Struct MuonConfig

Source

pub struct MuonConfig { /* private fields */ }

Expand description

Muon configuration.

Muon is an optimizer specifically designed for 2D parameters of neural network hidden layers (weight matrices). Other parameters such as biases and embeddings should be optimized using a standard method such as AdamW.

§Learning Rate Adjustment

Muon adjusts the learning rate based on parameter shape to maintain consistent RMS across rectangular matrices. Two methods are available:

Original: Uses sqrt(max(1, A/B)) where A and B are the first two dimensions. This is Keller Jordan’s method and is the default.
MatchRmsAdamW: Uses 0.2 * sqrt(max(A, B)). This is Moonshot’s method designed to match AdamW’s RMS, allowing direct reuse of AdamW hyperparameters.

§Example

use burn_optim::{MuonConfig, AdjustLrFn};

// Using default (Original) method
let optimizer = MuonConfig::new().init();

// Using MatchRmsAdamW for AdamW-compatible hyperparameters
let optimizer = MuonConfig::new()
    .with_adjust_lr_fn(AdjustLrFn::MatchRmsAdamW)
    .init();

§References

Implementations§

Source §

impl MuonConfig

Source

pub fn new() -> Self

Create a new instance of the config.

§Arguments

§Optional Arguments

§`weight_decay`

Weight decay config.

Defaults to None

§Default Arguments

§`momentum`

Momentum config.

Muon always uses momentum. Default configuration:

momentum: 0.95
dampening: 0.0
nesterov: true
Defaults to "MomentumConfig { momentum: 0.95, dampening: 0.0, nesterov: true }"

§`ns_coefficients`

Newton-Schulz iteration coefficients (a, b, c).

These coefficients are selected to maximize the slope at zero for the quintic iteration. Default values are from Keller Jordan’s implementation.
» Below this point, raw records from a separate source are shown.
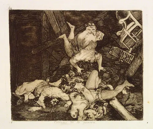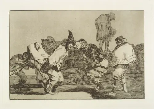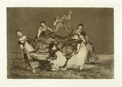 《操り人形と遊ぶのは驢馬たちである》。この諺がこの作品にどの程度関係があるのかわからないが、難解で順番も不明な「妄」を初めて世に出した美術アカデミーは、当時のスペインの諺を作品に添えた。女たちが布を広げ、その上では男(人形?)たちがはね上げられ驢馬と男が横たわる。女たちの蔑むような笑い顔にゴヤの女性に対する辛辣な皮肉がこもっているようだ。右端に「Goya」のサインがある。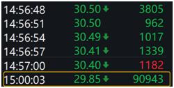 而从当天成交数据来看,临近收盘最后7分钟时,连续两笔大额卖单开始挂出,而在最后一分钟时间,更有超9万手卖单挂出,直接将股价死死砸在跌停板上。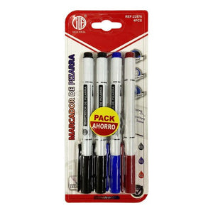 Set de 4 plumones de pizarra 2 Negros, 1 Rojo y 1 Azul: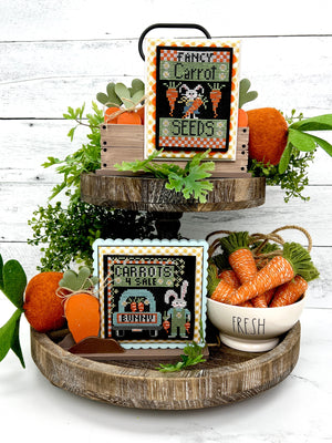 This unfinished wood cross stitch frame, adorned with a sprouting carrot, is perfect for displaying spring or Easter cross stitch projects. This item comes in separate parts for ease of painting and assembly.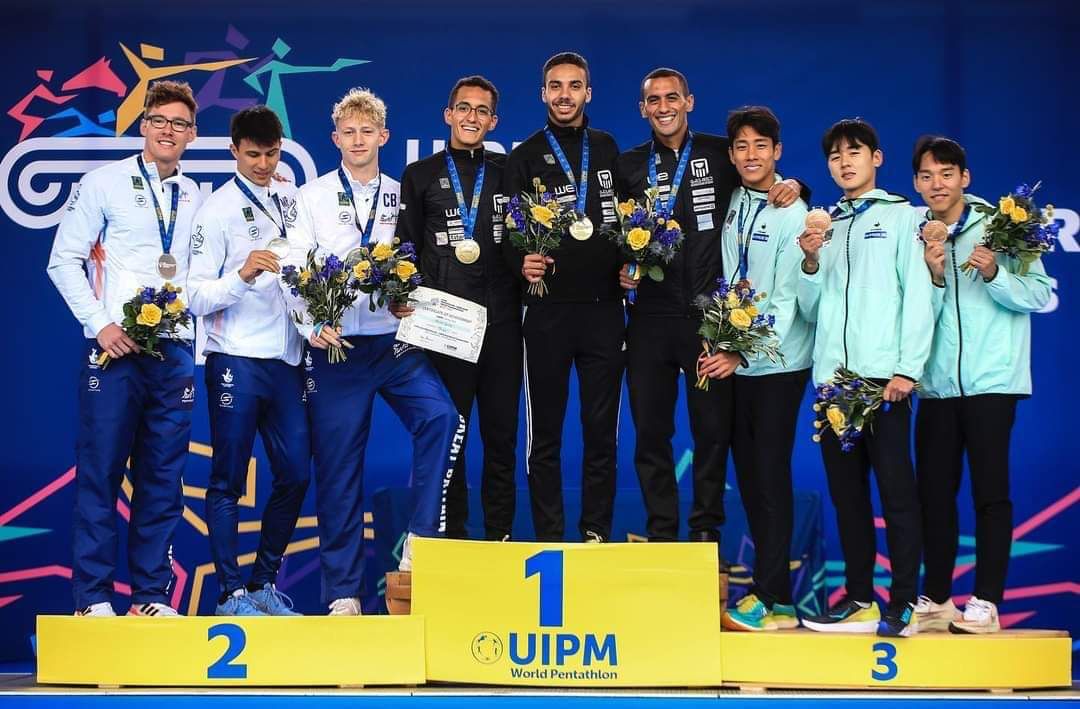 وجرى تتويج الثنائي أحمد ومحمد الجندي أعضاء المنتخب الوطني للخماسي الحديث، الطالبين بكلية تكنولوجيا الأعمال بجامعة مصر للمعلوماتية، بالميدالية الذهبية منافسات فرق الرجال بعد تحقيق 4530 نقطة، حيث تفوق المنتخب المصري على نظيره البريطاني صاحب الأرض والذي إحتل المركز الثاني برصيد 4450 نقطة، فيما حل منتخب كوريا الجنوبية بالمركز الثالث بنفس الرصيد من النقاط.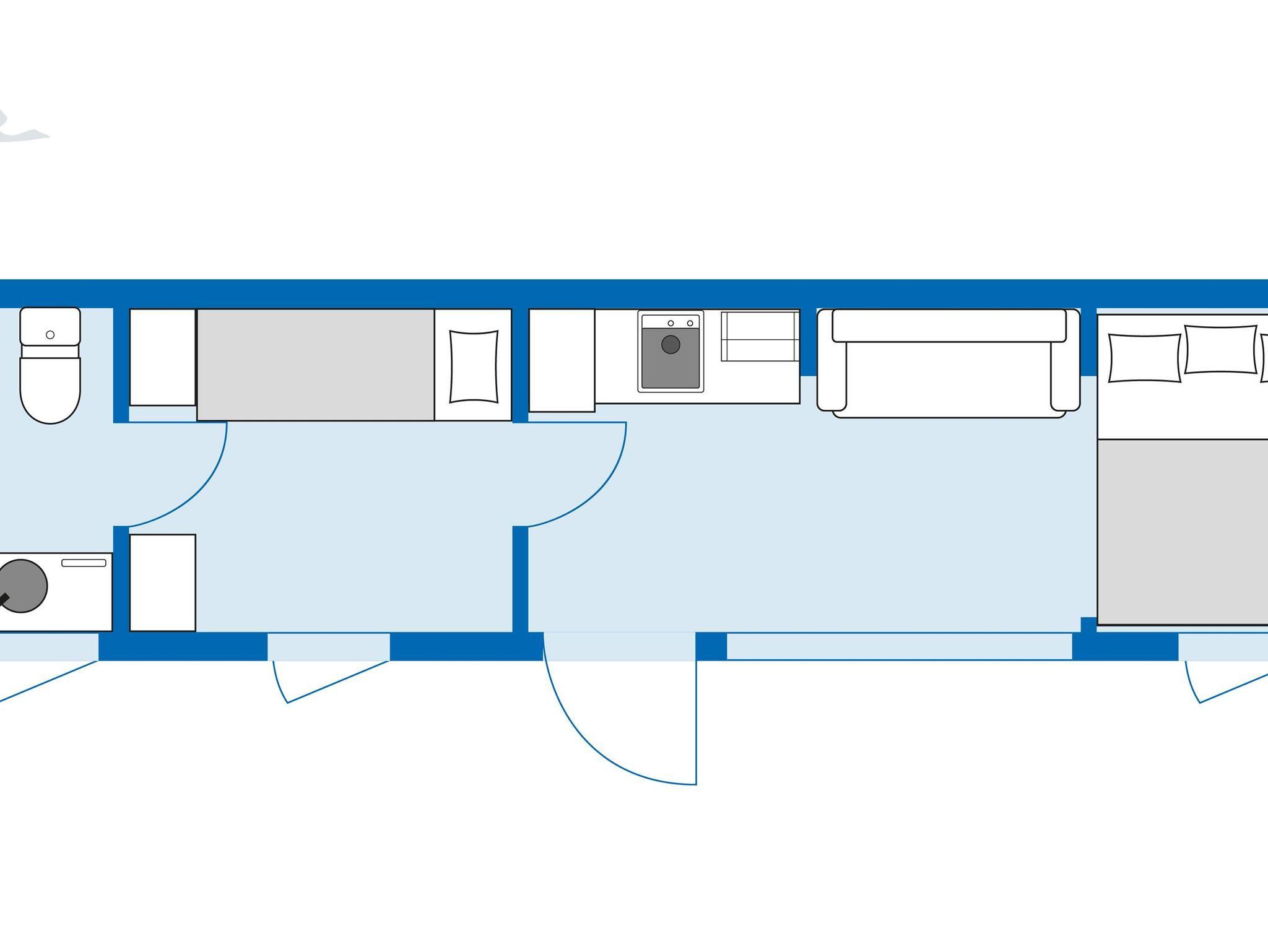 -Schlafmöglichkeiten: 1 Doppelbett 160 x 200cm, 2 Etagenbetten 70 x 195cm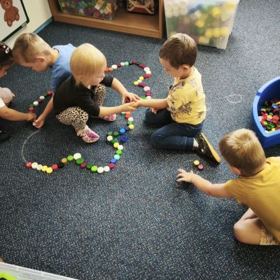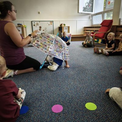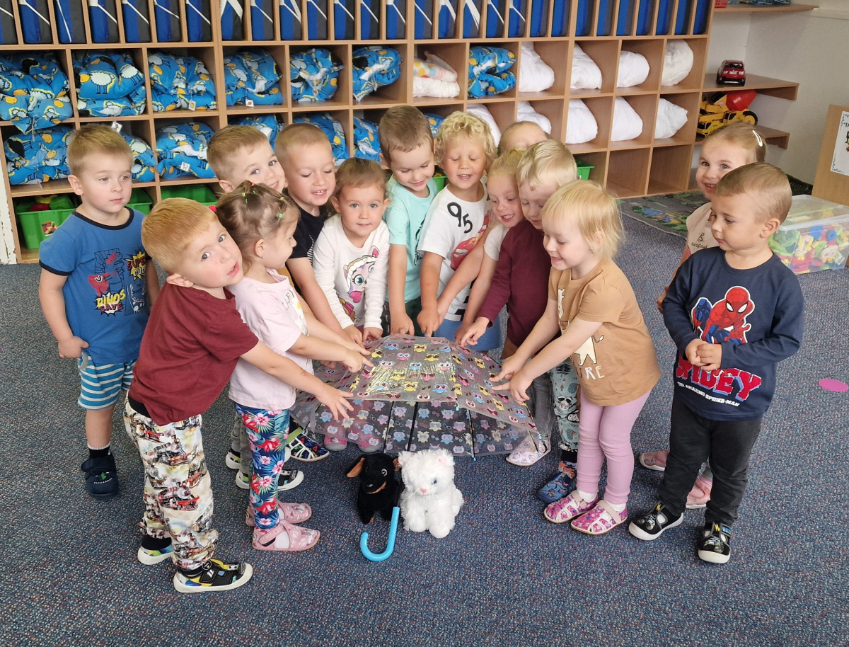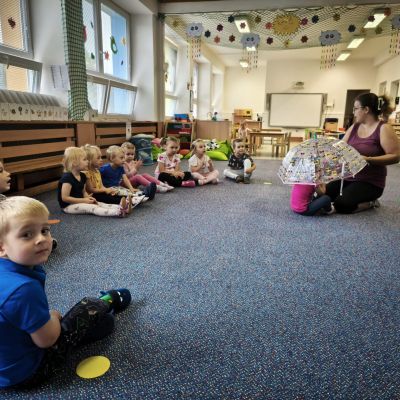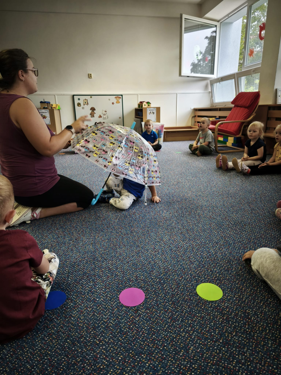 Zopakovali jsme si hru "Kolo, kolo mlýnský" a naučili jsme se novou hru "Deštník".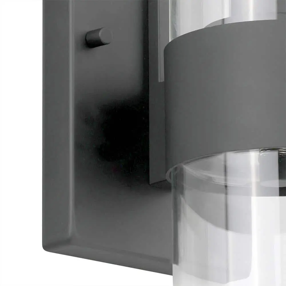 This sconce features a modern minimalist design, showcasing a sleek metal band that secures a clear glass cylinder, with an Edison bulb glowing like a flickering candle inside. The matte black finish adds a polished touch to this elegant fixture.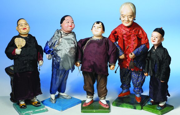 FIVE COMPOSITION-TYPE PAPIER MACHE CHINESE CHARACTE
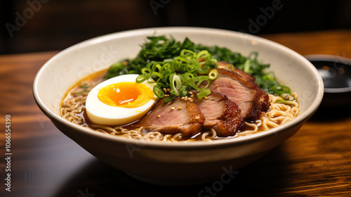 japanese, ramen, noodle, soup, pork meat, egg, asian, lunch, dinner, hot, comfort food, traditional, broth, eatery, authentic, bowl, scallion, hearty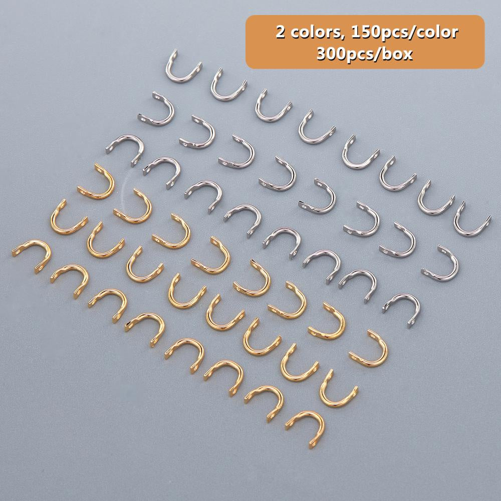 This set includes 300 pieces of silver and golden folded U-shaped brass links for DIY fishing lures. Each link measures 5.5x4x2mm, making them ideal for creating unique spinners and blades.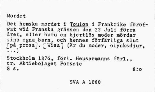 //// xMordet //// Det hemska mordet i Toulon i Frankrike föröf-wat wid Franska gränsen den 22 Juli förra året, eller huru en hjertlös moder mördar sina egna barn, och hennes förfärliga slut [på prosa]. [WisaJ (Är du moder, olycksdjur, //// j o a » ) //// Stockholm 1876, förl., Heusermanns förl., tr. Aktiebolaget Forsete //// 8 s. 8:o //// SVA A 1060 ////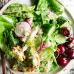 Your new go-to summer garden green goddess salad. Fresh butter lettuce, snap peas, radishes, cucumbers, scallions, cherries, and torn croutons. All combined with a vibrant green goddess dressing. It’s refreshing and simple. Just the perfect salad to add on to any summer menu.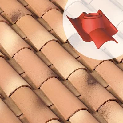 Tuile Ă douille, en terre cuite, diamètre int. du tuyau d’Ă©vacutaion : 150 mm.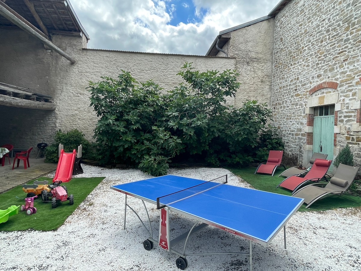 Au cœur d'un écrin de verdure entouré de nos animaux, nous vous proposons notre gite. L'endroit est calme et paisible. Un SPA privatif et un sauna privatif sont a dispositions en illimitée (Moyennant un forfait à partir de 20€ / séjour peu importe le nbr de pers) Le jardin dispose d'une aire de jeux + tyrolienne Il y a une structure gonflable dans une partie indépendante du jardin Des pistes cyclables entourent le gîte, nous pourrons vous prêter gratuitement des vélos électriques + siège enfant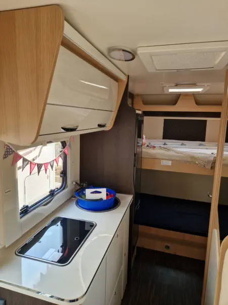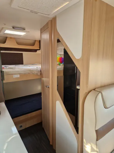Der Groß-Familientourer A 699 DVB: auf nur 6,99m Länge mit Doppel-Etagenbett bietet dieses Wohnmobil insgesamt sechs komfortable Betten – und noch vieles mehr.Zu der Grundausstattung können sie zusätzlich Campingmöbel-Set, einen Gasgrill oder Geschirr bekommen.Bringen Sie nur noch Ihre persönlichen Sachen mit und los geht’s.•Campernavi•Markise•Rückfahrkamera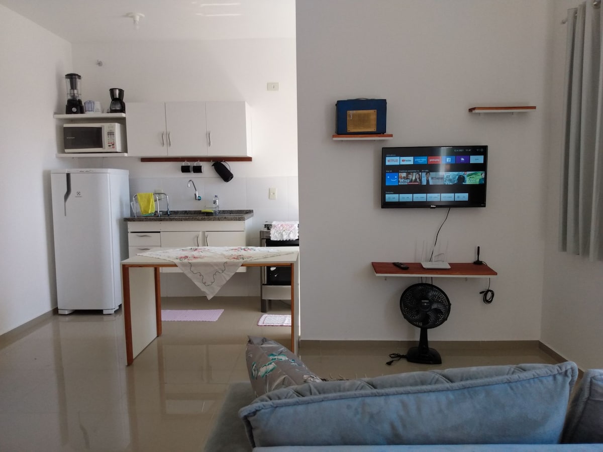 Ένα όμορφο διαμέρισμα, πολύ καλά τοποθετημένο, κοντά στην κεντρική λεωφόρο και με εύκολη πρόσβαση στο Καπιβάρι (3 λεπτά με το αυτοκίνητο, 14 λεπτά με τα πόδια, 1,2 χλμ μακριά). Το διαμέρισμα διαθέτει εξοπλισμένη κουζίνα, τραπεζαρία και σαλόνι, υπνοδωμάτιο και μπάνιο. Wi-Fi υψηλής ταχύτητας και καλωδιακή τηλεόραση. Θέλετε να περπατήσετε; Απολαύστε τη κεντρική λεωφόρο της πόλης, που βρίσκεται σε απόσταση μικρότερη από 100 μέτρα, για να περπατήσετε μέσα στη μεγάλη φύση του Campos do Jordão. Διαβάστε τις αξιολογήσεις μας και δείτε πόσο ξεχωριστός είναι ο χώρος μας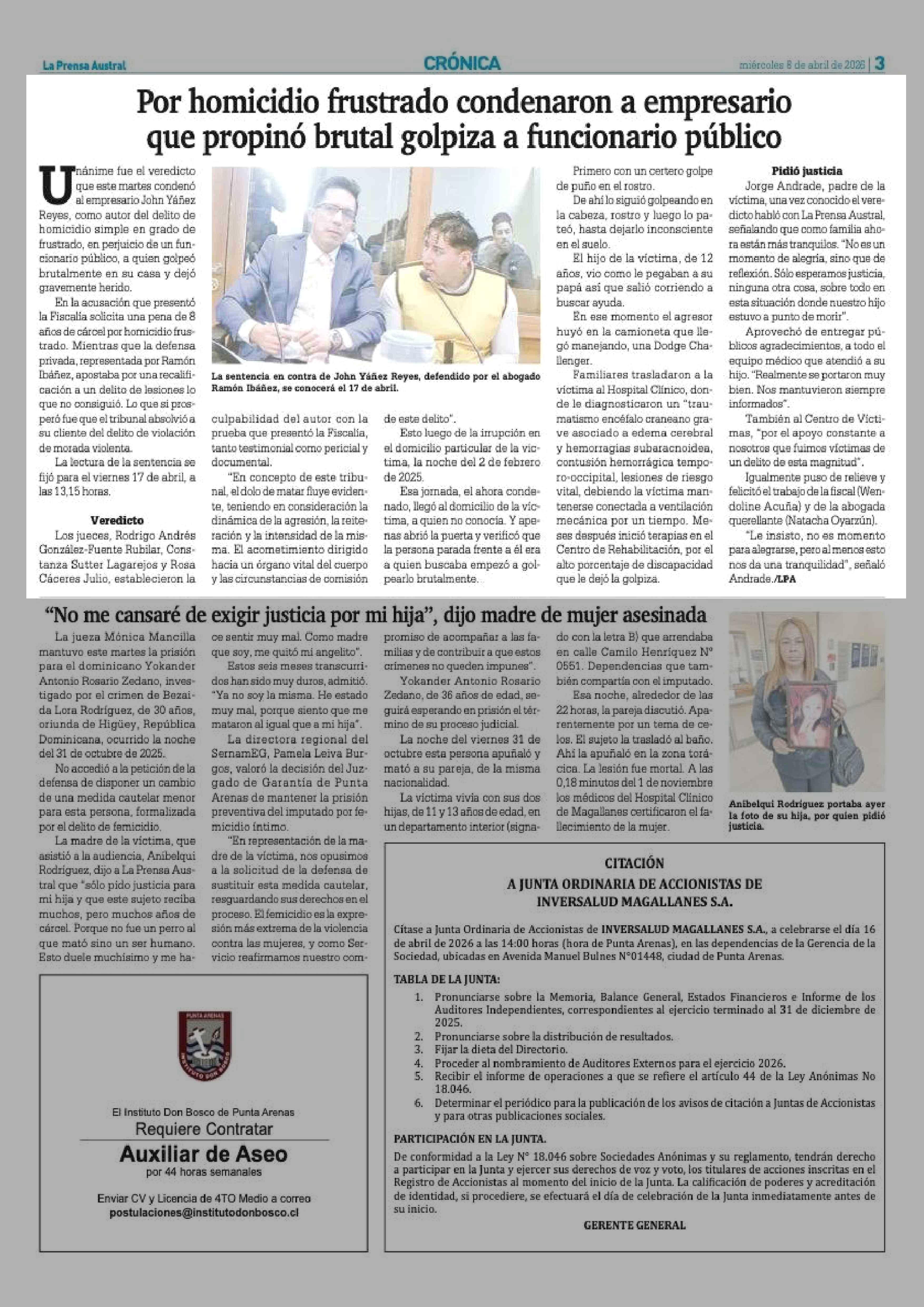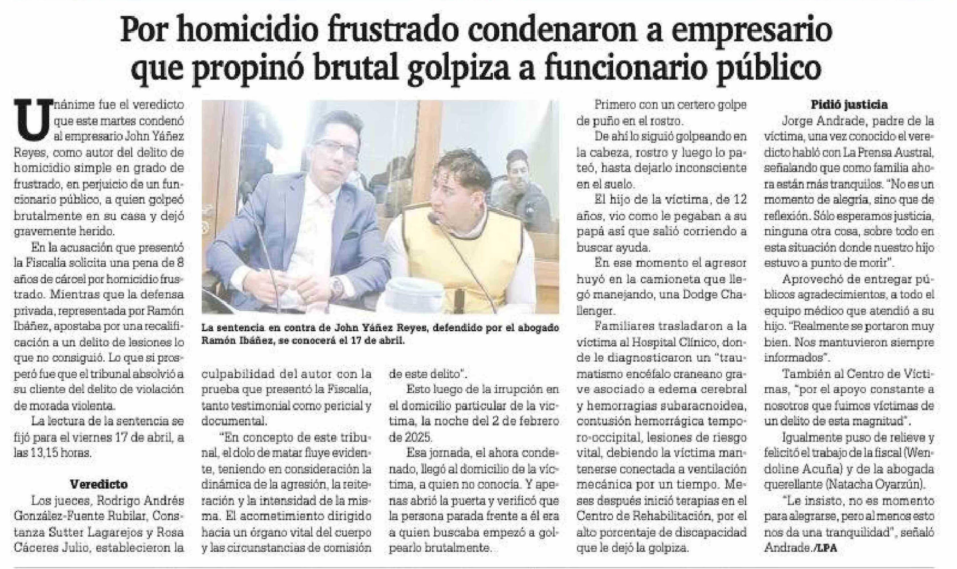 Por homicidio frustrado condenaron a empresario que propinó brutal golpiza a funcionario público 08-04-2026 La Prensa Austral |

Defaults to "(3.4445, -4.775, 2.0315)"

§`epsilon`

Epsilon for numerical stability.

Defaults to 1e-7

§`ns_steps`

Number of Newton-Schulz iteration steps.

Defaults to 5

§`adjust_lr_fn`

Learning rate adjustment method.

Controls how the learning rate is adjusted based on parameter shape. See AdjustLrFn for available methods.

Defaults to "AdjustLrFn::Original"

Source §

impl MuonConfig

Source

pub fn with_momentum(self, momentum: MomentumConfig) -> Self

Sets the value for the field momentum.

Momentum config.

Muon always uses momentum. Default configuration:

momentum: 0.95
dampening: 0.0
nesterov: true
Defaults to "MomentumConfig { momentum: 0.95, dampening: 0.0, nesterov: true }"

Source

pub fn with_ns_coefficients(self, ns_coefficients: (f32, f32, f32)) -> Self

Sets the value for the field ns_coefficients.

Newton-Schulz iteration coefficients (a, b, c).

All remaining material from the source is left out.